4 - on Windows connection Set Database Server/Home Directory (The Hostname\Instance of your SQL Server database)

5 - on Windows connection Set Database ID (Data Warehouse repository)



6 - Create a new metadata only load table object in WhereScape RED called 'load_json_sample' containing no columns

7 - Set the pre load action to 'no action'

8 - Set the load tables connection to 'Windows'

9 - Set the load type to script based load

10 - Set the load tables script to 'script_run_powershell_load'



11 - Edit the load table source properties and set the source file path to 'https://api.github.com/users/mralexgray/repos'

12 - Edit the load table source properties and set the source file to 'create_from_webservice.ps1'

13 - If your JSON file has a single node which contains all other data, enter the name of this node into the source file field delimiter (not required for this tutorial)



14 - 'Load' the table (this will create the table in the database with the correct columns)

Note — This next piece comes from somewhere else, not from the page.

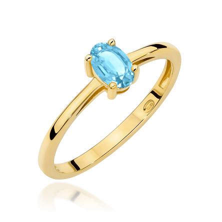 Elegancki pierścionek wykonany z najwyższej jakości żółtego złota próby 585 oraz jednego, centralnie usytuowanego owalnego topazu o masie 0,50 ct!

15 - Set the pre load action on the load table back to 'Truncate'



15 - Edit the load table source properties and set the source file to 'load_from_webservice.ps1'



16 - Load the table


Common issues:
- Your windows connection is correctly configured with the database server name and that the work directory is correctly set
If this is run via the scheduler, aborting the job WILL NOT KILL THE SCRIPT.
- The script checks the returned pages headers for the next page of data, if it is found, it will continue to loop around until no more data is returned.
- If your API does not return headers, you can disable them in the script by setting $UseHeaders to $False and it will guess at the next page of data
- The Size limit for an object in powershell is 2GB, if your JSON object (each page) is larger than 2GB after conversion then a memory error will be thrown.
- Some REST APIs can be flaky and return different fields on some pages instead of being uniform. If this occurs, the script can handle most of these scenarios. However, if a new field appears, it will need to be manually added to the table.